Although finding ways to reuse materials is the best way to go green, recycling is an option for those materials you can no longer use. Over 87% of our survey respondents said that they recycle the materials used in their conservation practice when possible. In creating this webpage, we hope to provide easy links for recycling items that are not part of your municipality’s normal recycling collection service.

Paperboard Scrap

See the Sustainable Practices section of the AIC's wiki for a discussion of the categories of paper specific to conservation that can be recycled.

We are trying to determine whether matboard can be recycled. If not, there are probably lots of artists, craftspeople, teachers, and students out there who would love to have your scraps for creative projects.

You can either:

  • Try contacting local art teachers to see if they are interested in coming to pick it up.
  • Or post it on Free Cycle.


If you live in California, there are some great websites that will help you find takers for your used paperboard and other scraps.


Paper Towels

This may be a disposable product that conservators, as a group, can make a significant reduction in the use of. One of the simplest things that you can do, even if you have no decision-making power at your workplace is to bring in a hand towel and a cloth napkin, and use those in place of paper towels and napkins whenever possible.

If you do have decision-making power in your workplace, make sure to purchase paper towels made from 100% post-consumer waste. We have to support the market for all of the paper scraps we are generating!

Paper towels can be put into recycling if they are not greasy or wet. 


Light Bulbs

Best Environmental Choices:

  1. 1st choice: LED lights
  2. 2nd choice: Fluorescent, as long as it is recycled when no longer functioning.
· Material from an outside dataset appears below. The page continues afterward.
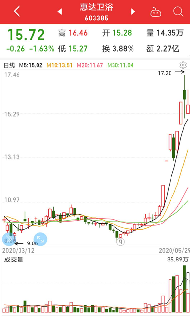 精装板块5月黑马股频出,海鸥住工和惠达卫浴5月累计上涨70%。昨日,处于股价底部的柯利达和大亚圣象股价涨停,金牌橱柜、华图山鼎等股也在跃跃欲试。今日早盘,柯利达再次涨停,索菲亚、奥普家居均涨超4%。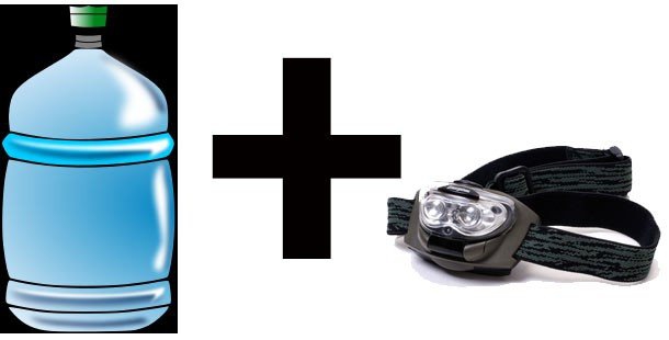 Что делать, если произошло крупномасштабное отключение электроэнергии, а вам нужно освещение? Возьмите налобный фонарь и пристегните его к огромной пластиковой бутылке воды. Вода будет рассеивать свет, и это приспособление станет отличным источником общего освещения.

According to the New York Times, the lighting industry is working on more energy efficient incandescent bulbs, which should be on the market in the next few years. View More Info >>

Recycling Compact Fluorescent Bulbs
Compact fluorescent bulbs contain small amounts of mercury (an average of 4mg, according to the EPA), so they should not be thrown into the trash.  Taking the bulb to a recycling facility will prevent the mercury from contaminating the air or water. 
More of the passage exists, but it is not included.